Yüzde sarkma ve daha yaşlı görünme ifadesi yüzün hacimsel eksiklikleri ve estetik alanların aşağı-içe doğru sarkması ile ilişkilidir. Yüz ortası ve elmacık kemiklerin sarkması, çene ve jawline silinmeler, nazolabial ve melibol katlantıların belirginleşmesi, çene altında gıdının belirginleşmesi, gözyaşı olukları ve göz torbaları bu olumsuz ifadeyi arttırmakta.
Kızgın-öfkeli bir yüz ifadesi; kaş ortası-glabellar alanda kırışıklık ve derin katlantılar, kaz ayakları kırışıklıkları, gözlerin kısılması, kaş iç kısımlarının düşüklüğü, ince dudaklar, çenenin hafifçe yukarı ve düz bir pozisyonda yer alması bu olumsuz ifadeyi arttrımakta.
Üzgü bir yüz ifadesi; bu ifadete ait olumsuzluklar özellikle göz çevresi ve ağız çevresinde kendisini göstermekte. Kaş dış kenaralarının düşmesi, orta yüz ve yanaklarda sarkmalar, şakalarda hacim kaybı, gözyaşı oluğu, ağız köşlerinin düşmesi, nazolabial ve melibiol katlantılarının belirgin olması, çenenin geride ve düşük olması bu olumsuz ifadeyi arttırmakta.
Yüzde yorgunluk ve sarkmalarda hyaluronik asit dolgular ile bütünsel volüm uygulamaları yapılırken üzgün ve kızgın yüz ifadelerinde dolgulara botoks eklenebilir.
Aşağıdaki resimde yüzün orta ve alt kısmında volüm kayıpları, hafif sarkmalar ile silinmiş jawline olan 30 yaşına göre daha yaşlı gösteren kadın hastada yorgun ve üzgün duygu ifadeleri gözlenmekte.İlk adım olarak göz çevresi, jawline ve depressor anguli orise botoks uygulamaları yapılmış. Daha sonra dolgu enjeksiyonuna orta yüz temeli oluşturacak şekilde başlanmış, elmacık kemikleri alanlarına ve şakaklara enjeksiyonlar yapılarak yüzün kaldırılması ve konturlarının yeniden yapılanması sağlanmış. Melibiol alana, çeneye ve jawline enjeksiyonlar yapılarak yüz alt kontruları düzenlenmiş. Son olarak gözyaşı oluğuna, nazolabial kıvrımlara ve dudaklara dolgu enjeksiyonları yapılmış. Tedaviden hemen sonra alınan görüntülerde hastanın olumsuz yorgun ve üzgün özelliklerinin ortadan kaldırılmasıyla, yüz ifadelerinin iyileştirildiği, daha genç-kadınsı ve canlı görünüm elde edildiği görülmekte.

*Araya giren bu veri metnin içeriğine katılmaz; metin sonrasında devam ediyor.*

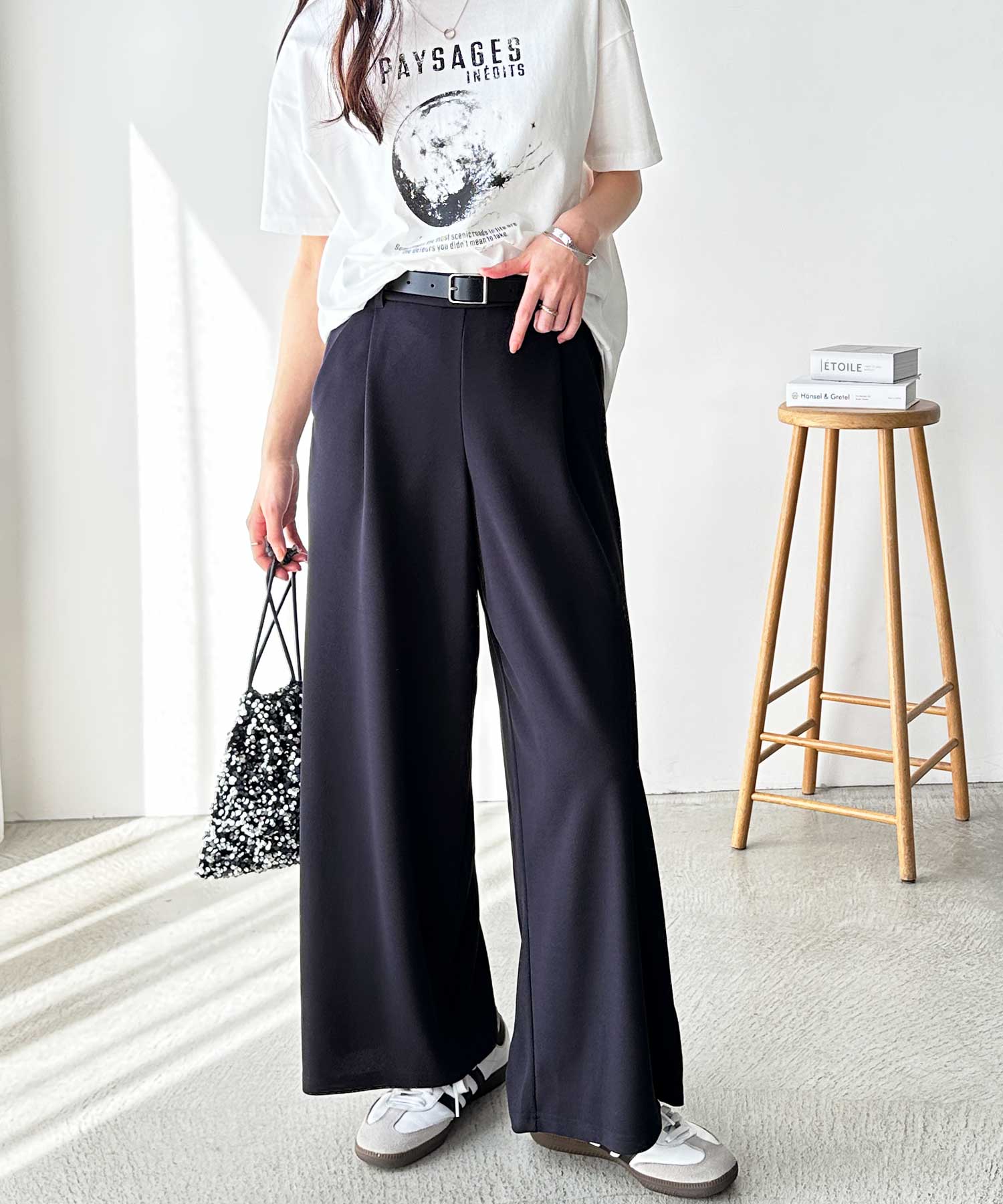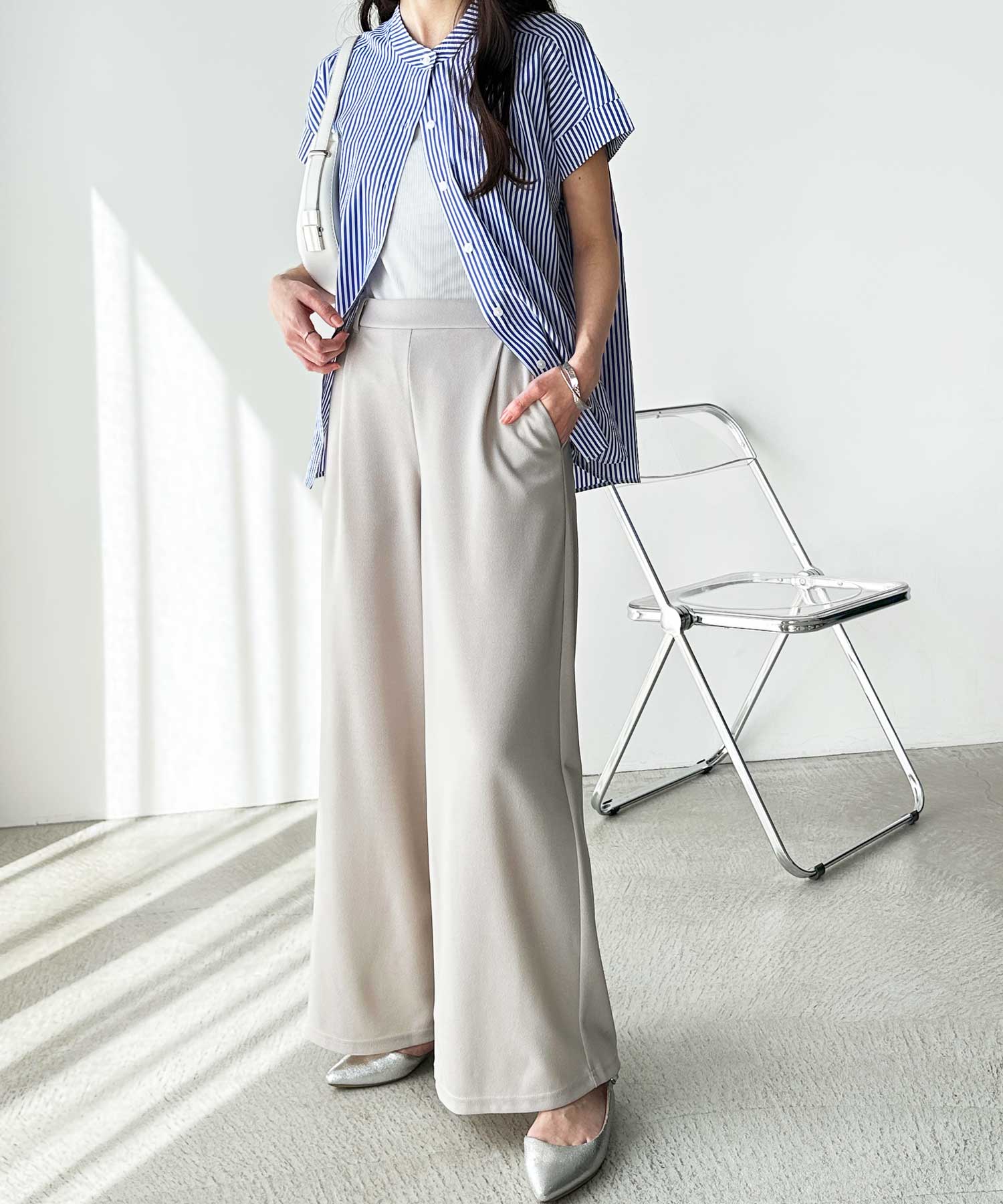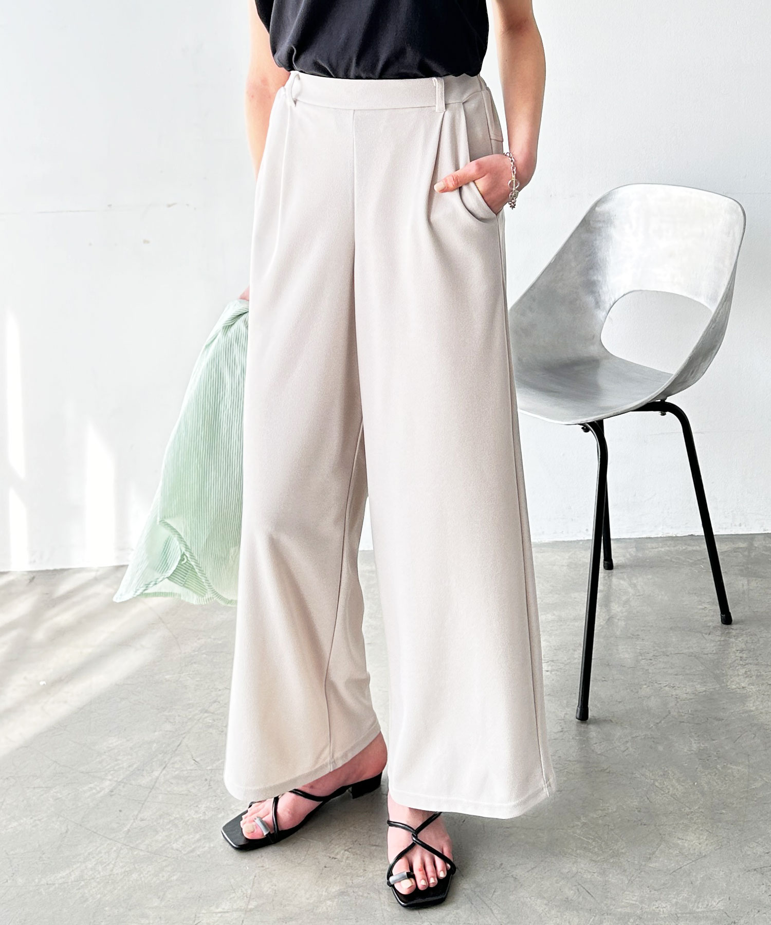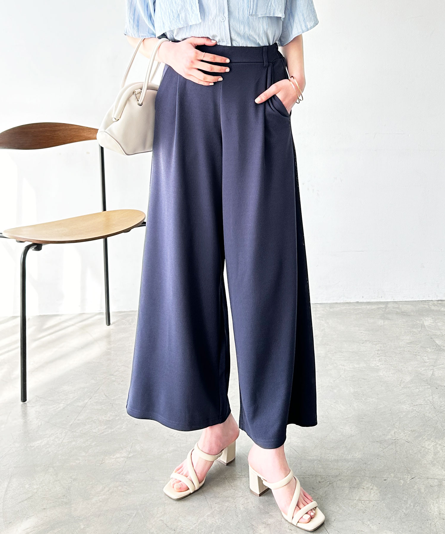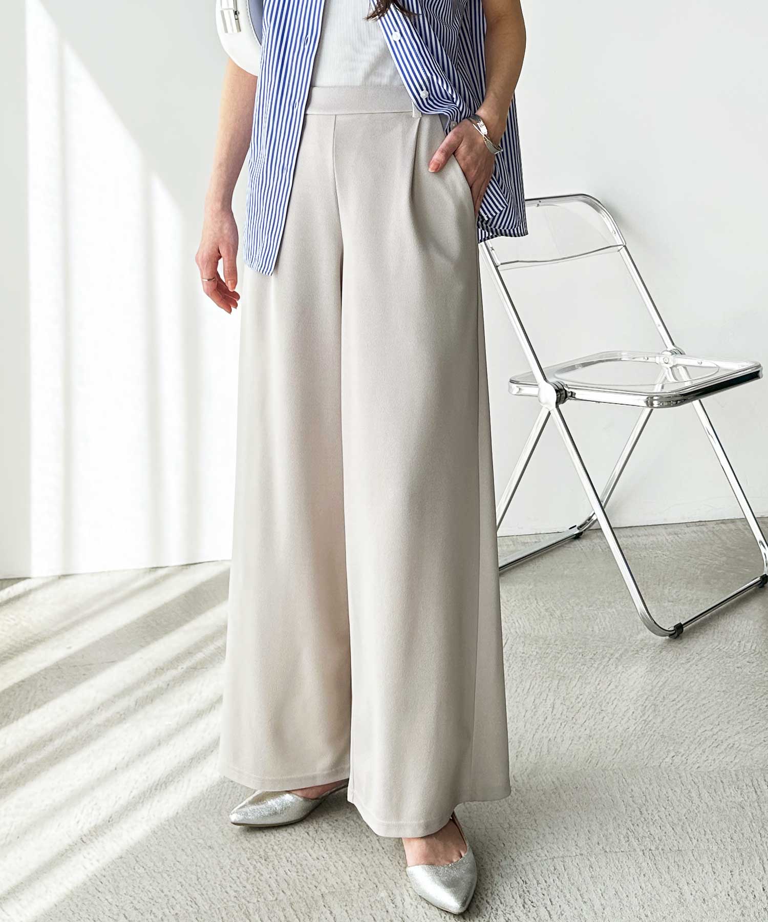 はくだけで美脚見えする美しいシルエットのワイドパンツ。

Aşağıdaki resimde yüzün orta kısmında volüm kayıpları ve hafif sarkmaları, nazolabila belirgin kadın hastada yorgun duygu ifadesi gözlenmekte. Bütünsel yüz uygulamlarının ilk adımı olarak dolgu enjeksiyonuna orta yüz temeli oluşturacak şekilde başlanmış. Daha sonra elmacık kemikleri alanlarına ve şakaklara enjeksiyonlar yapılarak yüzün kaldırılması ve konturlarının yeniden yapılanması sağlanmış. Nazolabila, çeneye ve jawline enjeksiyonlar yapılarak yüz alt kontruları düzenlenmiş. Burun dolgu enjeksyonları ile burun hatları kusursuzlaştırılmış. Son olarak nazolabial kıvrımlara dolgu enjeksiyonları yapılmış. Tedaviden hemen sonra alınan görüntülerde hastanın olumsuz yorgun ortadan kaldırılmasıyla, yüz ifadelerinin iyileştirildiği, daha genç, daha kadınsı ve çekici görünüm elde edildiği görülmekte.